§ What the task requires
Repeat the entries below word for word, though any picture in them should be dropped.

Saved data entries:
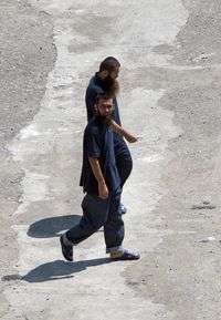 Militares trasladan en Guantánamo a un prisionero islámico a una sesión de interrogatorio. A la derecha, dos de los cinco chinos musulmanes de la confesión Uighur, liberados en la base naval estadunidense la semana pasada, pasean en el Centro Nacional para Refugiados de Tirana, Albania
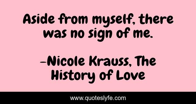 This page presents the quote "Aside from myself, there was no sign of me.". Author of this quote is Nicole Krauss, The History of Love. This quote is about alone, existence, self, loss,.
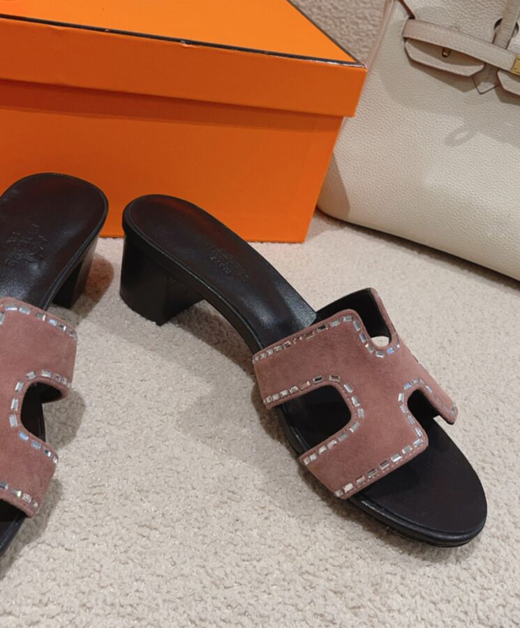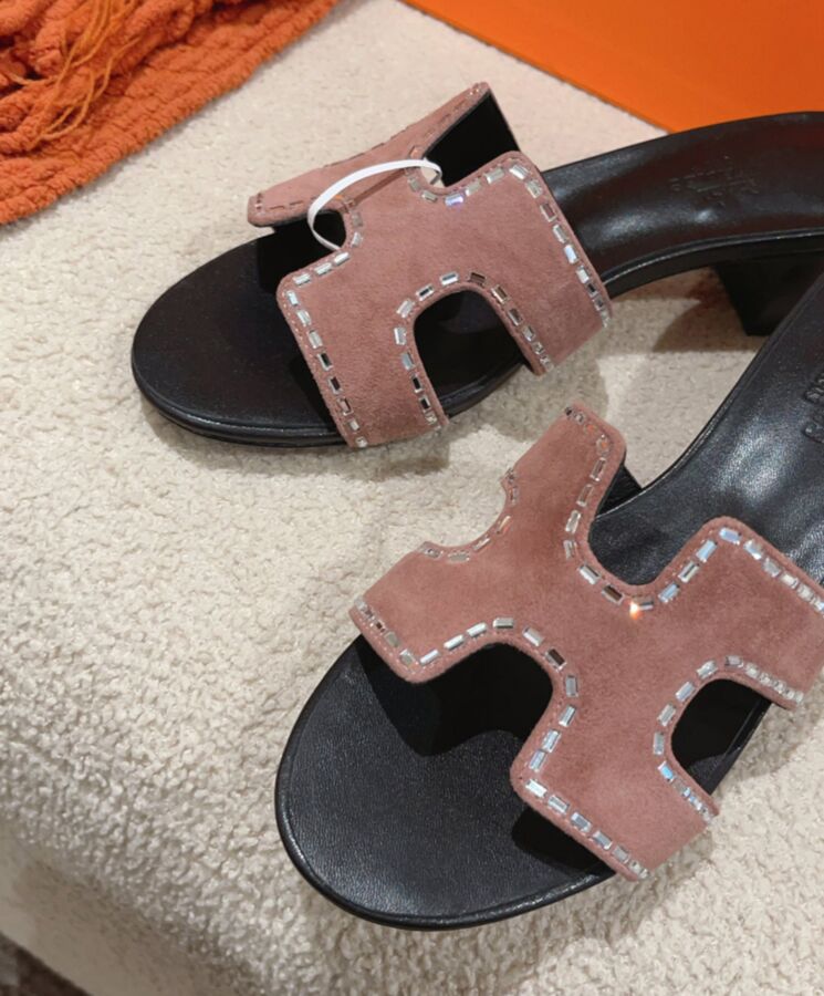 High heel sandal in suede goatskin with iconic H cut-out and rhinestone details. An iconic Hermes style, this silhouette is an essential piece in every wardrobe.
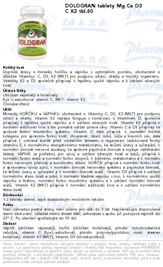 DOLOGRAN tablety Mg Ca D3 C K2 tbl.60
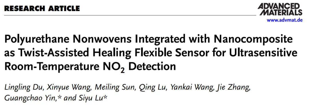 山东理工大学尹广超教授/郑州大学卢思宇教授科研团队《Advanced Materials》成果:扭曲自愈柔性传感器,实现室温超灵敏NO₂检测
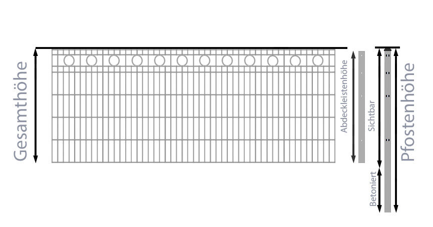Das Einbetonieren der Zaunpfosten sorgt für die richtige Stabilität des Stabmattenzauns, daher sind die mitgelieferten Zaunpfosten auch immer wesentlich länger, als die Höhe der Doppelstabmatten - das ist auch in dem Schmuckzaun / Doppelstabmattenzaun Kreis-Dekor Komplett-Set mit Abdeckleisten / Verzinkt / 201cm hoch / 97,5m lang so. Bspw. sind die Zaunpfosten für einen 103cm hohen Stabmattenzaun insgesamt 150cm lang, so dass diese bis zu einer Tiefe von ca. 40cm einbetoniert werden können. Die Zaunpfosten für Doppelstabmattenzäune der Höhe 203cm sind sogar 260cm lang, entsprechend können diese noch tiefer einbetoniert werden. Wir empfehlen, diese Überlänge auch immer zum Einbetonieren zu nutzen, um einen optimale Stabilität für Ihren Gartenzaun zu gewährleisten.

§ Response below
 Militares trasladan en Guantánamo a un prisionero islámico a una sesión de interrogatorio. A la derecha, dos de los cinco chinos musulmanes de la confesión Uighur, liberados en la base naval estadunidense la semana pasada, pasean en el Centro Nacional para Refugiados de Tirana, Albania
 This page presents the quote "Aside from myself, there was no sign of me.". Author of this quote is Nicole Krauss, The History of Love. This quote is about alone, existence, self, loss,.
 High heel sandal in suede goatskin with iconic H cut-out and rhinestone details. An iconic Hermes style, this silhouette is an essential piece in every wardrobe.
 DOLOGRAN tablety Mg Ca D3 C K2 tbl.60
 山东理工大学尹广超教授/郑州大学卢思宇教授科研团队《Advanced Materials》成果:扭曲自愈柔性传感器,实现室温超灵敏NO₂检测
Das Einbetonieren der Zaunpfosten sorgt für die richtige Stabilität des Stabmattenzauns, daher sind die mitgelieferten Zaunpfosten auch immer wesentlich länger, als die Höhe der Doppelstabmatten - das ist auch in dem Schmuckzaun / Doppelstabmattenzaun Kreis-Dekor Komplett-Set mit Abdeckleisten / Verzinkt / 201cm hoch / 97,5m lang so. Bspw. sind die Zaunpfosten für einen 103cm hohen Stabmattenzaun insgesamt 150cm lang, so dass diese bis zu einer Tiefe von ca. 40cm einbetoniert werden können. Die Zaunpfosten für Doppelstabmattenzäune der Höhe 203cm sind sogar 260cm lang, entsprechend können diese noch tiefer einbetoniert werden. Wir empfehlen, diese Überlänge auch immer zum Einbetonieren zu nutzen, um einen optimale Stabilität für Ihren Gartenzaun zu gewährleisten.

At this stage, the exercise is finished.